I have discovered 3 ways to keep costs down by using as much of the vegetable as possible.

And I’ve leaned on some fellow bloggers to give even more ideas and recipes to help you find ways to save even more.

Tip 1: Regrow your vegetables in water.

I didn’t know this was a thing until I came across it on Pinterest.

Ever since, I’ve become obsessed with regrowing what I can.

How does it save you money?

Regrowing vegetables allows you to keep using the same vegetable without having to buy more for awhile.

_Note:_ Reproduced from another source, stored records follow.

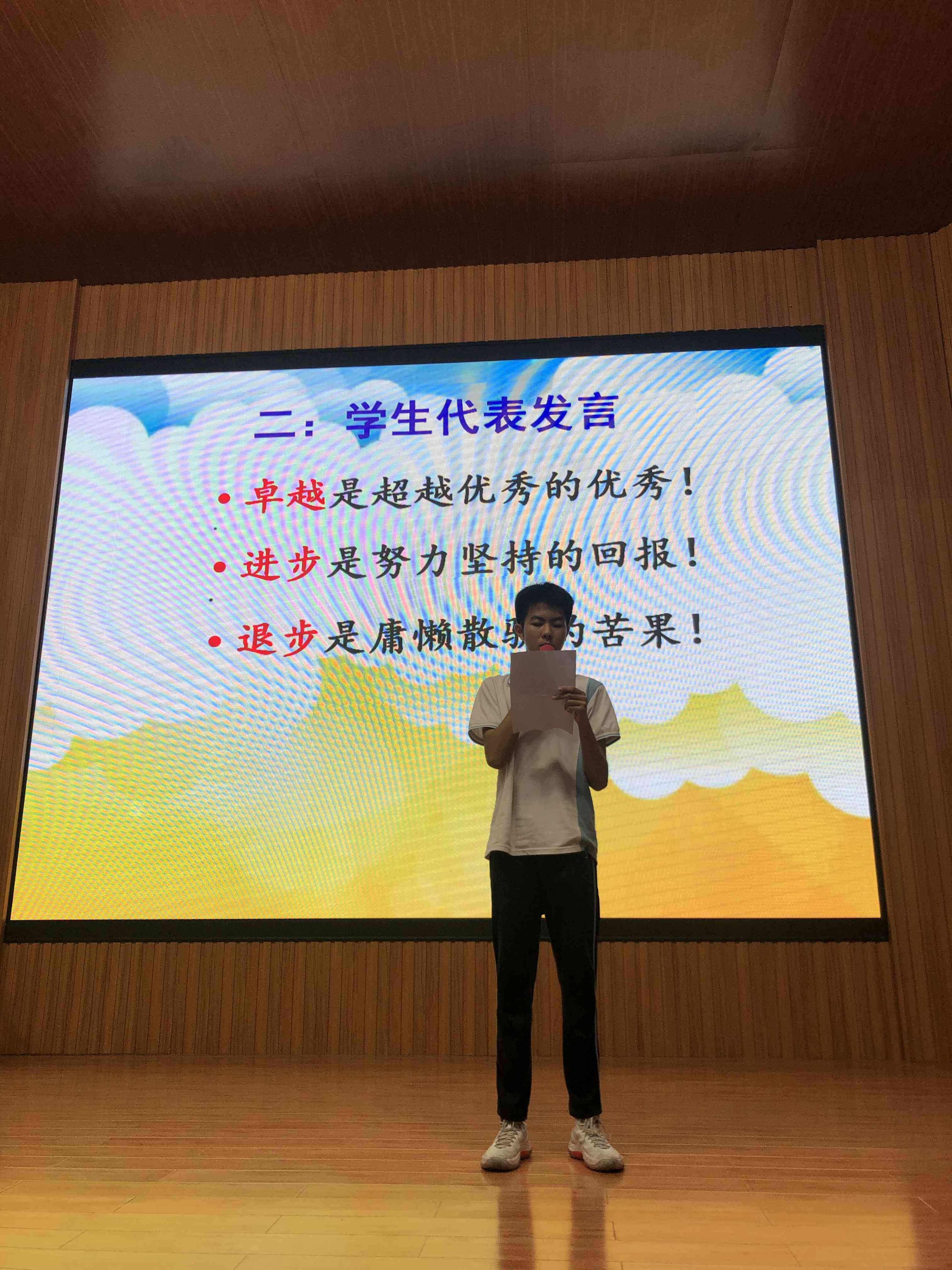 頒獎結(jié)束,由周文杰副主任發(fā)言,他首先向受到表彰的同學(xué)表示熱烈的祝賀,肯定他們優(yōu)異成績的同時,更堅信以他們的實力與水準(zhǔn)。保持不驕不躁的態(tài)度,必定會在此次中考創(chuàng)造更大的奇跡!拼搏七月,奮進全力,舍我其誰,容外必勝!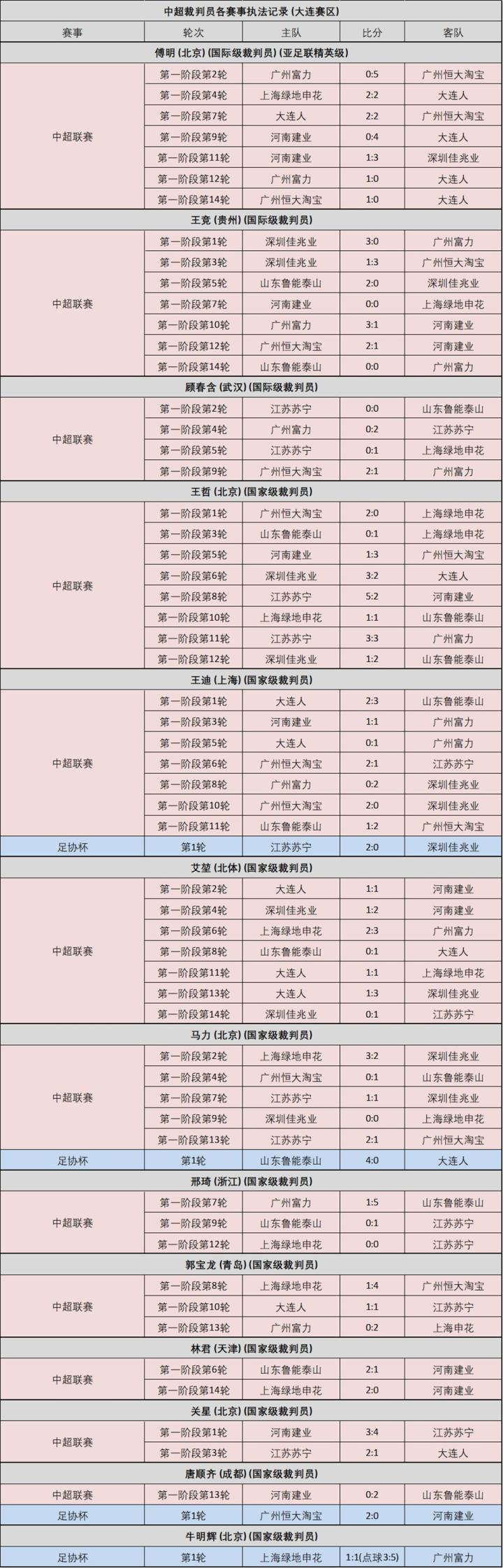 共有19位裁判员参与到了大连赛区的执法工作中,包括傅明、王竞和顾春含这三位国际级裁判在内,其中12位裁判员得到了执法中超的机会。虽共有19人,但由于裁判均为兼职(除三位职业裁判外),都有各自的本职工作,很多裁判请两个月长假较为困难,亦或是有中甲执法任务,无法在赛区封闭执法所有轮次的比赛。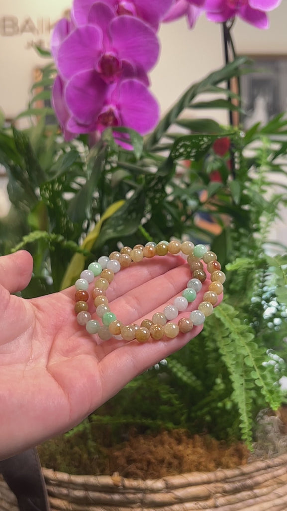 * DETAILS---This bracelet is made with fine quality, natural genuine Burmese jadeite jade beads in a mix of green, blue-green, yellow, and white colors (colors may vary, sent at random). The jades texture is so smooth and translucent. Known for its durability, jadeite is also believed to bring good luck. Whether as a gift for yourself or a loved one, this jade beaded bracelet is a meaningful piece.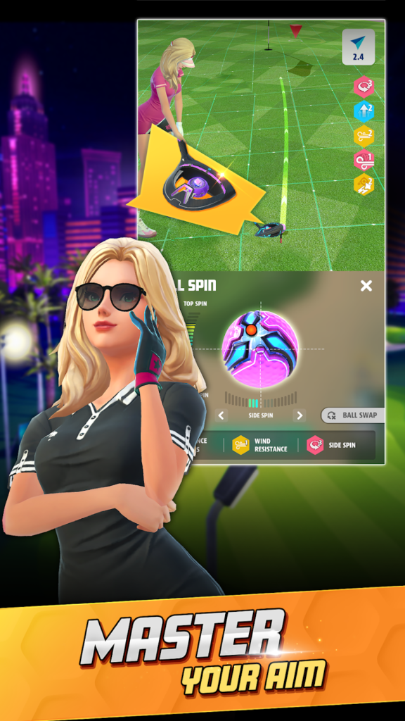 - Master Precise Shot Controls: Control your shots with advanced mechanics like power gauges, putter lie angles, and specialized shots. Whether it’s a sneaky shot or a rocket drive, every move is yours to strategize.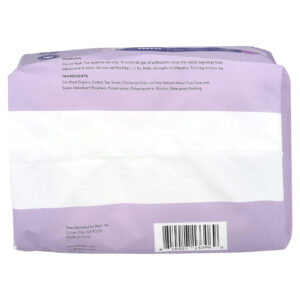 Lençol superior de algodão orgânico certificado, núcleo de polpa de madeira natural sem cloro elementar com polímeros superabsorventes, polietileno, polipropileno, elásticos, suporte à prova d’água.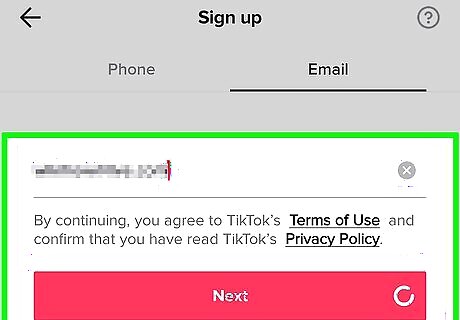 Enter your phone number, email address, or login details. If you're signing up with a phone number or email address, type in a phone number or address you have access to, and then create a password that contains between 8 and 20 characters. If you're signing up with Google, Twitter, or Facebook, enter your login details for that site, and then follow the on-screen instructions to give TikTok permission to use your account. Don't worry, you can still create a unique username!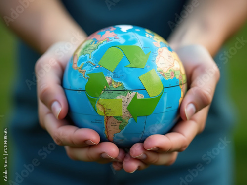 Someone Is Gripping A Globe Bearing A Recycling Logo Indicating Their Commitment To Environmental Sustainability Practices Globally. 00002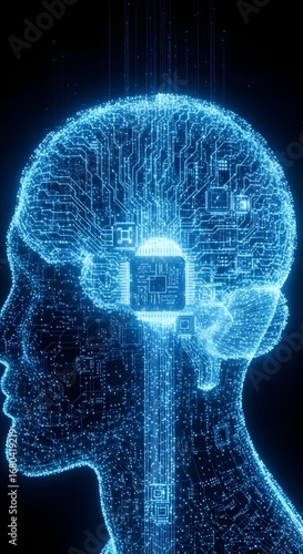 Abstract representation of a human head with glowing blue digital circuits and a central processor symbolizing artificial intelligence.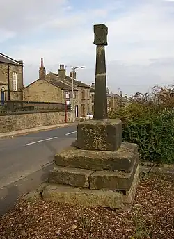 On the roadside across from St Andrew's Church stands the Stainland Cross, relocated here in the twentieth century. It represents a saltire carved on a block of stone. The block is scooped out in the form of a cup but the cover that was formerly attached to it has been removed. The column is circular and plain without any of that rich, strange sculpture or scroll ornament which antiquarians generally attribute to Saxon or Danish sculptures. Its height from the base to the top of the sculpture is about 10 feet (3.0 m), the column doesn't exceed 5 feet (1.5 m). Neither history nor tradition have preserved the date or purpose of its construction.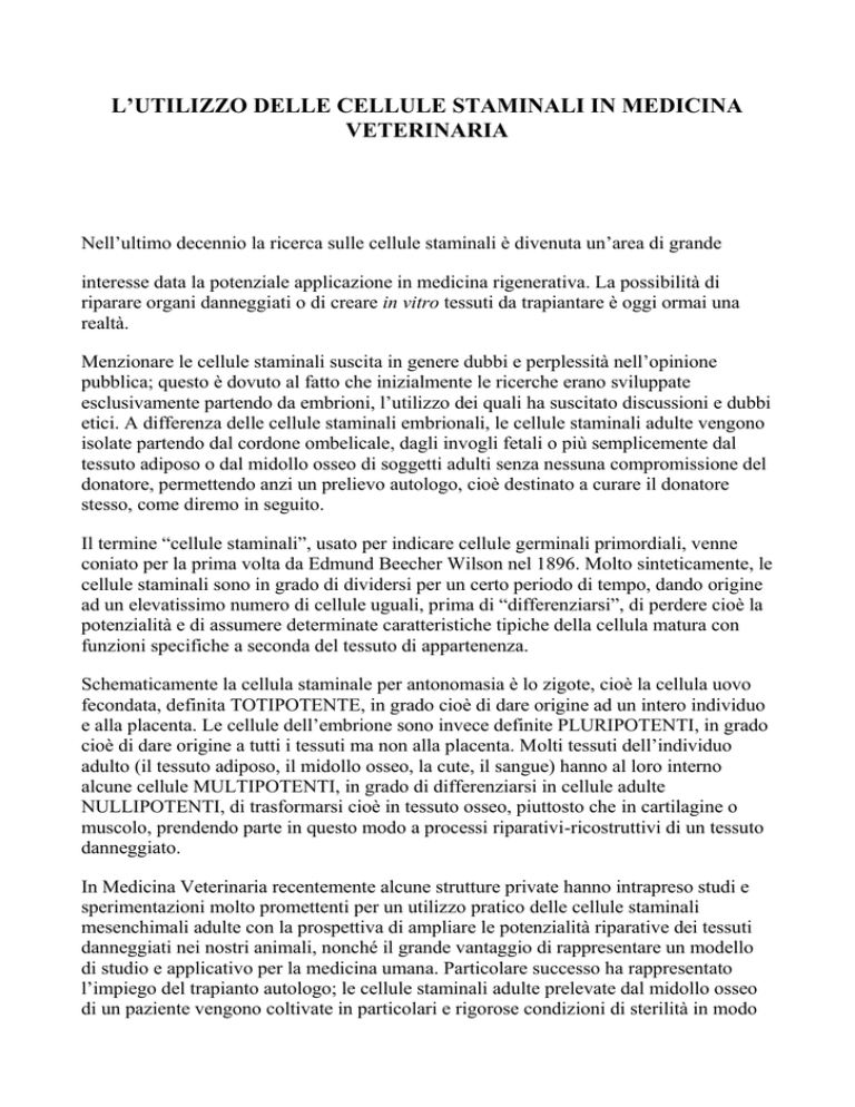 L’UTILIZZO DELLE CELLULE STAMINALI IN MEDICINA VETERINARIA Nell’ultimo decennio la ricerca sulle cellule staminali è divenuta un’area di grande interesse data la potenziale applicazione in medicina rigenerativa. La possibilità di riparare organi danneggiati o di creare in vitro tessuti da trapiantare è oggi ormai una realtà. Menzionare le cellule staminali suscita in genere dubbi e perplessità nell’opinione pubblica; questo è dovuto al fatto che inizialmente le ricerche erano sviluppate esclusivamente partendo da embrioni, l’utilizzo dei quali ha suscitato discussioni e dubbi etici. A differenza delle cellule staminali embrionali, le cellule staminali adulte vengono isolate partendo dal cordone ombelicale, dagli invogli fetali o più semplicemente dal tessuto adiposo o dal midollo osseo di soggetti adulti senza nessuna compromissione del donatore, permettendo anzi un prelievo autologo, cioè destinato a curare il donatore stesso, come diremo in seguito. Il termine “cellule staminali”, usato per indicare cellule germinali primordiali, venne coniato per la prima volta da Edmund Beecher Wilson nel 1896. Molto sinteticamente, le cellule staminali sono in grado di dividersi per un certo periodo di tempo, dando origine ad un elevatissimo numero di cellule uguali, prima di “differenziarsi”, di perdere cioè la potenzialità e di assumere determinate caratteristiche tipiche della cellula matura con funzioni specifiche a seconda del tessuto di appartenenza. Schematicamente la cellula staminale per antonomasia è lo zigote, cioè la cellula uovo fecondata, definita TOTIPOTENTE, in grado cioè di dare origine ad un intero individuo e alla placenta. Le cellule dell’embrione sono invece definite PLURIPOTENTI, in grado cioè di dare origine a tutti i tessuti ma non alla placenta. Molti tessuti dell’individuo adulto (il tessuto adiposo, il midollo osseo, la cute, il sangue) hanno al loro interno alcune cellule MULTIPOTENTI, in grado di differenziarsi in cellule adulte NULLIPOTENTI, di trasformarsi cioè in tessuto osseo, piuttosto che in cartilagine o muscolo, prendendo parte in questo modo a processi riparativi-ricostruttivi di un tessuto danneggiato. In Medicina Veterinaria recentemente alcune strutture private hanno intrapreso studi e sperimentazioni molto promettenti per un utilizzo pratico delle cellule staminali mesenchimali adulte con la prospettiva di ampliare le potenzialità riparative dei tessuti danneggiati nei nostri animali, nonché il grande vantaggio di rappresentare un modello di studio e applicativo per la medicina umana. Particolare successo ha rappresentato l’impiego del trapianto autologo; le cellule staminali adulte prelevate dal midollo osseo di un paziente vengono coltivate in particolari e rigorose condizioni di sterilità in modo da accrescerne il numero e vengono reimpiantate nel paziente stesso. Le cellule così ottenute possono essere inoculate nel distretto di utilizzazione (articolazioni danneggiate, tendini lesionati etc..) oppure iniettate in circolo da cui fattori chimici le indirizzano e “ attirano” nel tessuto danneggiato in riparazione. Le applicazioni variano dall’ortopedia (riparazioni ossee e cartilaginee in caso di gravi artrosi), alla cardiologia (riparazione del cuore infartuato, delle pareti vascolari danneggiate), all’oftalmologia (coadiuvanti nella riparazione corneale) all’epatologia (inoculate nel fegato partecipano alla rigenerazione). Numerose altre applicazioni sono in fase sperimentale avanzata anche in medicina umana: ricostruzione del midollo spinale danneggiato, cura di malattie neurodegenerative (Parkinson, Alzheimer), cura di malattie metaboliche quali il diabete, e molti altri potenziali campi di utilizzo. Lo studio e l’applicazione delle cellule staminali rappresenta una delle più innovative e affascinanti frontiere della medicina, sia umana che veterinaria, rappresentando un comune terreno di confronto dove le due medicine si avvalgono l’una dei progressi dell’altra con l’obiettivo di liberare noi e i nostri amici animali da malattie che spesso ci trovano impotenti.

Its a 2 for 1 deal or even better if you can get them to grow back a few times.

Right now I have leeks, green onion and carrots floating in water on my kitchen table (our eating space is shrinking by the day, but it’s so fun to watch).

Our preschooler has named them all and talks to them to encourage them to grow.

Here are the vegetables you can grow back in water:  

Green onion – leave about an inch above the roots and place the roots in water.  

Celery – submerge the base in about an inch of water and change the water often.

Leek – leave about two inches of the stalk and place the roots in water  

Carrots – only the tops will regrow, but you can add carrot tops to salads! You need carrots with tops to start.   Place the orange carrot part (about 1/2″³) in water and keep the tops out of the water.

Lettuce  – Romaine works best, and you won’t get enough to fulfill your lettuce needs, but you can supplement the new lettuce into a salad or use on a sandwich to stretch your budget and splurge on organic.

Leave about an inch of leaves and place the stem into about 1/2 of water.

Other Tips before you start:  

Replace the water once a week (or more if you notice clouding)

Check and make sure your vegetables aren’t going slimy.    

Keep any roots submerged, but don’t over fill with water.

You can also regrow vegetables in soil (it’s not the right season for us here).   I haven’t done it, so can’t offer much help here.    

Tip 2.   Use As Much Of The Vegetable As Possible

We have a ‘green bin’ where our food scraps go and the city takes it away to make compost.    

I feel like this has made me lazy when it comes to trying to utilize the whole vegetable because the scraps are going to a ‘good place’.  

These days I’ve been researching and experimenting with how to use up the scraps more.  

It saves money by being able to use a single vegetable into multiple meals.  


  • Make broccoli slaw out of the stalks.    

Broccoli stalks have always gone in the green bin, until I discovered making broccoli slaw.  

I did this recently when I made fish tacos. The recipe called for coleslaw, which I didn’t have so I grabbed the broccoli destined for another meal and cut off the stalks.    

Martha Stewart taught me how here.    

Basically, you can peel the hard ‘skin’ of the stalk with a standard vegetable peeler and then use a mandolin (or just thinly slice) and that’s it.    

Add it to salads or use it in place of coleslaw.  

  •  Roast Your Broccoli Stalks

Shelly from Two Healthy Kitchens has a great post on roasting broccoli stalks to use as a side dish.  

Parmesan Roasted Broccoli Stalks

I took her lead and roasted some up drizzled in olive oil and salt and pepper and added it to a rice bowl. Yum!

This allows you to use the broccoli head for one meal and the stalks for another.    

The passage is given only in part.